Despots tend to have a thing for buildings, and North Korea is no exception. Indeed, its stance on the built environment is a good deal more sophisticated than many dictatorships, coming complete with a 170-page treatise, On Architecture, penned by former leader Kim Jong-il himself. The text reads a little like one of Prince Charles’ outbursts, a mix of straightforward common sense and unbridled lunacy, written with a keen sense of urgency.

‘Architects must make strenuous efforts to create masterpieces,’ Kim exhorts, explaining that the leader’s statue must be at the centre of all architectural creation as the fundamental driver for urban development.

‘The leader’s statue must be erected in the best part of the heart of the city, where people can look up at it from every spot in the city, and as large a crowd as possible can gather,’ he says. ‘This is the basic condition for harmonising all the city’s architectural space with the focus on the leader’s statue and ensuring that the statue plays the leading role in the architectural formation of the city.’

The leader’s statue must be erected in the best part of the heart of the city, where people can look up at it from every spot

After spending a week in Pyongyang this month, I can vouch that his word has been followed to the letter.
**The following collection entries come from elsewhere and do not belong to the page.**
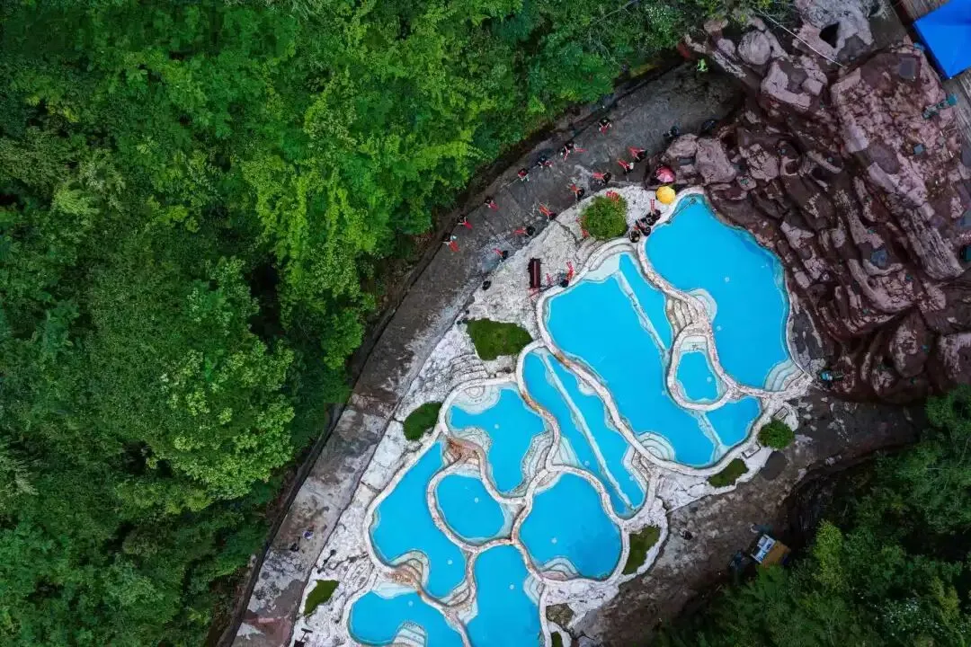 藏于峡谷之间的丹霞秘境,30 + 特色汤池错落分布,林下私汤静谧清幽,中药养生池温润滋补,亲子戏水池童趣满满,傍晚泡汤,看落日染红河谷,氛围感拉满。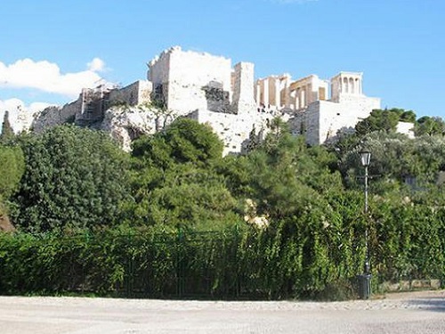 アクロポリスのこの林の中に野良猫が住んでいる。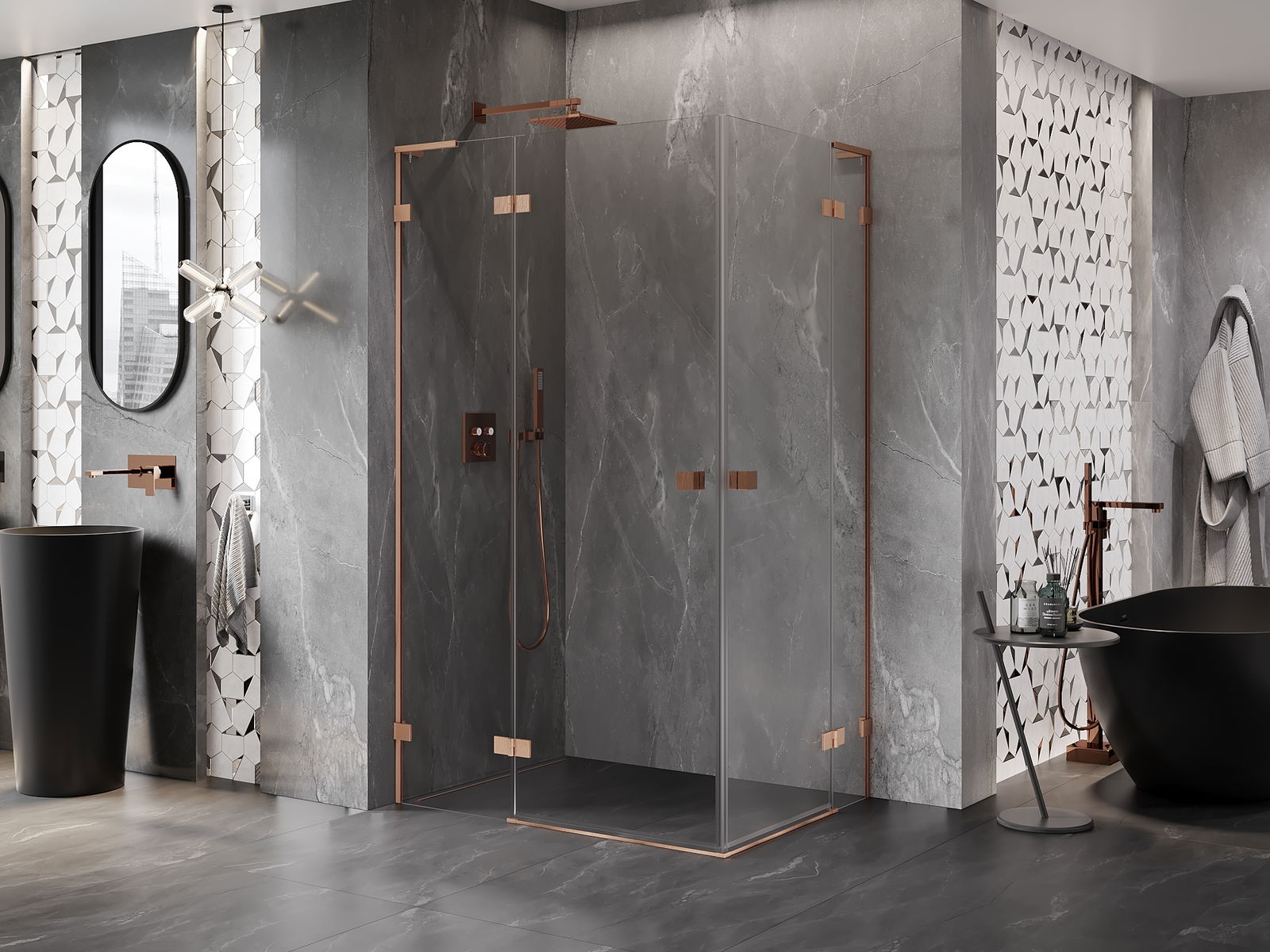 Mexen Lunar L Duo dušas kabīne ar kreiso vēršanu 90 x 80 cm, caurspīdīga, matēts varš - 834L-090L-080P-65-00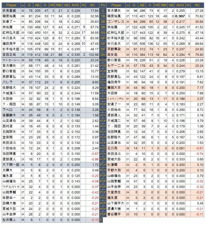 RCはリーグ3位、去年もそうだがソフトバンクに比べて強力な打線とは言えなかった。また吉田が抜けたことで四球数も激減していて、優秀とは言えなかったのだが。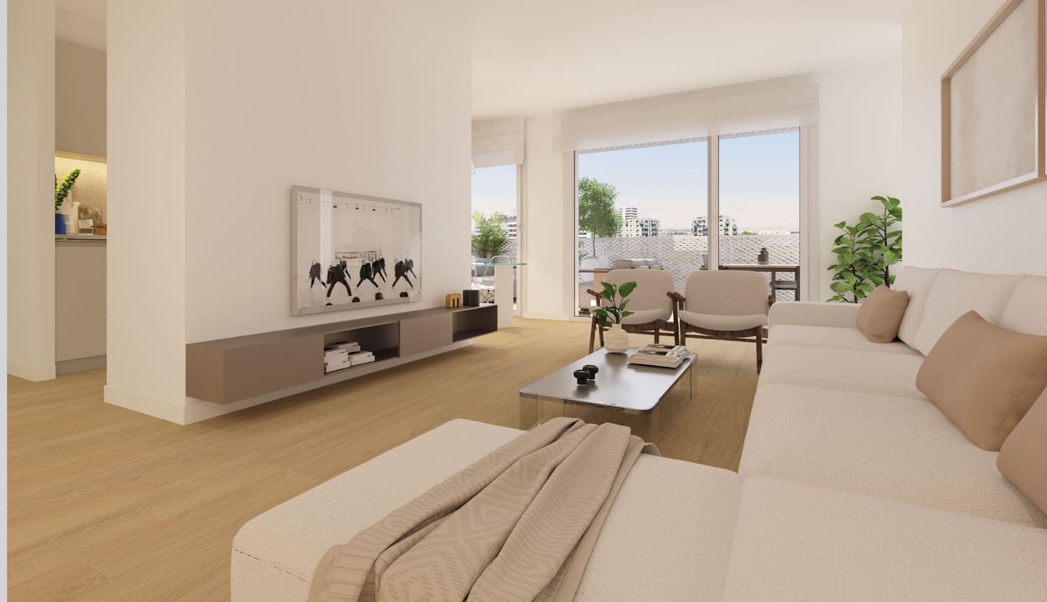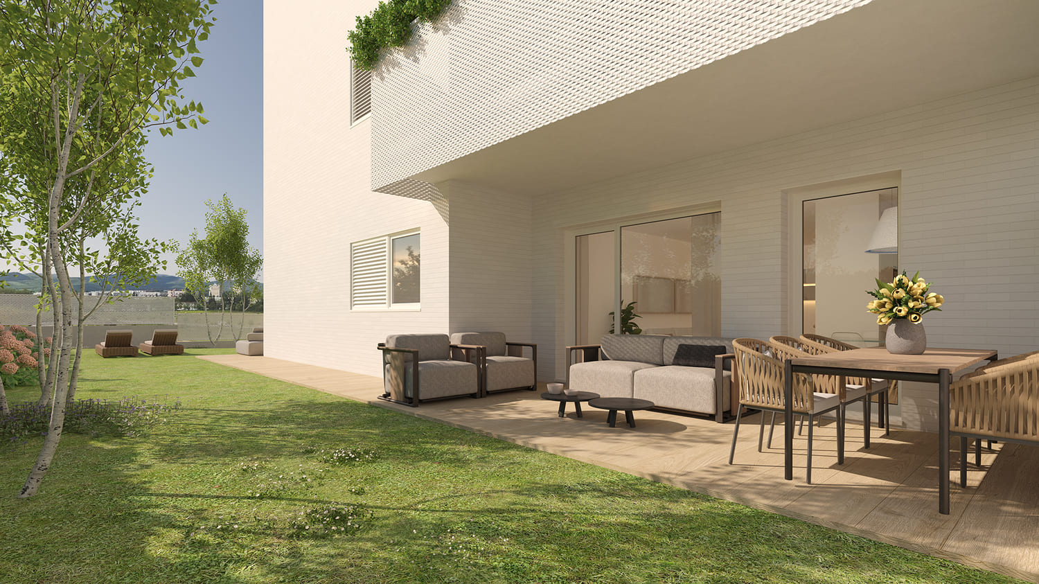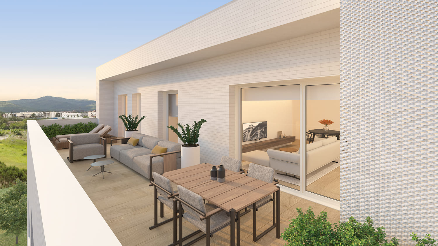 Los ventanales de acceso a las terrazas transmiten una gran sensación de amplitud y luminosidad. Un estilo de vida lleno de bienestar.

Utterly flattened by US bombs during the Korean War, the city was entirely built from scratch from 1953 according to the principles set out by the founder of the North Korean dynasty, Kim Il-sung. It is a typically Soviet conception (built largely by Russian-trained architects) of grand axial boulevards terminating in monumental public buildings, a painting or statue of the leader enshrined at the centre of it all, their grandeur magnified by theatrical forced perspectives and marching colonnades. But from the 1980s onwards, things begin to get a lot more interesting, with some wildly experimental structures. The national ice rink, completed in 1982, could be a distant cousin of Frederick Gibberd’s Liverpool Metropolitan Cathedral – Paddy’s Wigwam interpreted as a steroidal concrete teepee. Then there’s the gargantuan May Day stadium, its vaulted metal shell billowing like a parachute caught in full flight, recently refurbished and optimistically adorned with the Olympic rings and FIFA logos. And of course the magnificently evil Ryugyong ‘Hotel of Doom’ looms above it all, a pyramidal spaceship begun in the 80s, and recently clad in mirrored glass, but which remains a concrete ruin within.

In 1989 Pyongyang hosted the World Festival of Youth and Students, a kind of socialist youth Olympics, for which it built an entire new urban quarter. The sports buildings included a gymnastics arena shaped like a set of dumbbells and a badminton stadium modelled on the arc of a flying shuttlecock.

It is a kind of representational architecture that today’s Supreme Leader Kim Jong-un is clearly keen to continue. On our tour we marvel at his new Dolphinarium, a building shaped like a big white whale, where Chinese dolphins perform tricks. There are a cluster of tapering orange and green apartment towers shooting up on the riverfront, to house university academics, designed ‘in the shape of an intellectual’s brush’ our guide tells us. The new cylindrical Changjon Street apartment towers, nicknamed ‘Pyonghattan’ by foreign diplomats, could be a stack of coins – perhaps a symbol of the huge amounts of Chinese cash now flowing into the city, which is fast seeing it change from a sleepy time-warp to something resembling the outskirts of Shenzhen. The dream of a socialist fairyland is certainly well on its way, as long as you don’t look too closely behind the shiny new facades.

Oliver Wainwright is architecture critic at the Guardian. Read him here every other month and at ribaj.com


Cutting edge designs

Kim Jong-il appears to have been an enthusiastic champion of participatory design and public consultation: ‘We must encourage the masses to take an active part in the work of architectural creation,’ he wrote. ‘We must adopt various methods such as the masses’ joint evaluation or assessment of draft design plans and make it a rule to assemble their opinions, analyse them, sum them up and incorporate them in architecture.’ He failed to add that anyone who didn’t agree, like the architect of the new Pyongyang airport which his son and successor Kim Jong-un took against, would be swiftly executed.